## REQUIRED ACTION
Could you reproduce, from the records below, everything from the line with "Le Konges Slojd" down to the line with "Die Ferienwohnung in", keeping both of those lines and changing nothing?

## DATA RECORDS
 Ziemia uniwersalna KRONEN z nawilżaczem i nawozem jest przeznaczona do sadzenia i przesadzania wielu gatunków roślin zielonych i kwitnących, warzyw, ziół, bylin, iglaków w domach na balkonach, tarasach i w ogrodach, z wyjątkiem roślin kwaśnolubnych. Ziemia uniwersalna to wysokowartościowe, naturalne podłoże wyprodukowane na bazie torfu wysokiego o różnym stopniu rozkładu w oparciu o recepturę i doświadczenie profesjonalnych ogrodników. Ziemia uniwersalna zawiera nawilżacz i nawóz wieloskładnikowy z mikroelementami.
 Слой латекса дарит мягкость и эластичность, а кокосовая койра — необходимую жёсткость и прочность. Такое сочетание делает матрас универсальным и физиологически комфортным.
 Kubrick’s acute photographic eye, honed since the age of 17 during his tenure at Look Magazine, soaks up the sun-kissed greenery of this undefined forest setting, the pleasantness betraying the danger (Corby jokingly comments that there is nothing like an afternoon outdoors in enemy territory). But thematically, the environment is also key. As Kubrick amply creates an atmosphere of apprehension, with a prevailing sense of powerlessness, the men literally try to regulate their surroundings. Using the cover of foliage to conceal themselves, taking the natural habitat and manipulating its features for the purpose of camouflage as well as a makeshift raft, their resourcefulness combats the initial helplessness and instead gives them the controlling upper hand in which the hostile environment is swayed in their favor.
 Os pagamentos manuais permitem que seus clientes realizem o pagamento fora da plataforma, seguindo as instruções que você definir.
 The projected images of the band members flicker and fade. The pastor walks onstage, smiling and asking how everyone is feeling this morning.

---

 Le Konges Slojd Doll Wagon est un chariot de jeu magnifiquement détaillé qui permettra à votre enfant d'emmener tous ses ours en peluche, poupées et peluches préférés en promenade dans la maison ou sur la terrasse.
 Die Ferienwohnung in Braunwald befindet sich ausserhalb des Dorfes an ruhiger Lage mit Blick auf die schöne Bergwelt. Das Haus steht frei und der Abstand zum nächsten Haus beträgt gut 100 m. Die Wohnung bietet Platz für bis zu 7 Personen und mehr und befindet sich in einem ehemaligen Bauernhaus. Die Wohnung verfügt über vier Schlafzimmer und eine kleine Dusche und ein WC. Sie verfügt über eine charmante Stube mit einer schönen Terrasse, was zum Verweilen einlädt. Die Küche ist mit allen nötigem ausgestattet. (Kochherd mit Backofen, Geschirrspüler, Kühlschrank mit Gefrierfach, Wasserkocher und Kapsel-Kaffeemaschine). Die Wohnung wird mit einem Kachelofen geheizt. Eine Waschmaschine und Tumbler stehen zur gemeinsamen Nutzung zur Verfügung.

## RESPONSE BOX
 Le Konges Slojd Doll Wagon est un chariot de jeu magnifiquement détaillé qui permettra à votre enfant d'emmener tous ses ours en peluche, poupées et peluches préférés en promenade dans la maison ou sur la terrasse.
 Die Ferienwohnung in Braunwald befindet sich ausserhalb des Dorfes an ruhiger Lage mit Blick auf die schöne Bergwelt. Das Haus steht frei und der Abstand zum nächsten Haus beträgt gut 100 m. Die Wohnung bietet Platz für bis zu 7 Personen und mehr und befindet sich in einem ehemaligen Bauernhaus. Die Wohnung verfügt über vier Schlafzimmer und eine kleine Dusche und ein WC. Sie verfügt über eine charmante Stube mit einer schönen Terrasse, was zum Verweilen einlädt. Die Küche ist mit allen nötigem ausgestattet. (Kochherd mit Backofen, Geschirrspüler, Kühlschrank mit Gefrierfach, Wasserkocher und Kapsel-Kaffeemaschine). Die Wohnung wird mit einem Kachelofen geheizt. Eine Waschmaschine und Tumbler stehen zur gemeinsamen Nutzung zur Verfügung.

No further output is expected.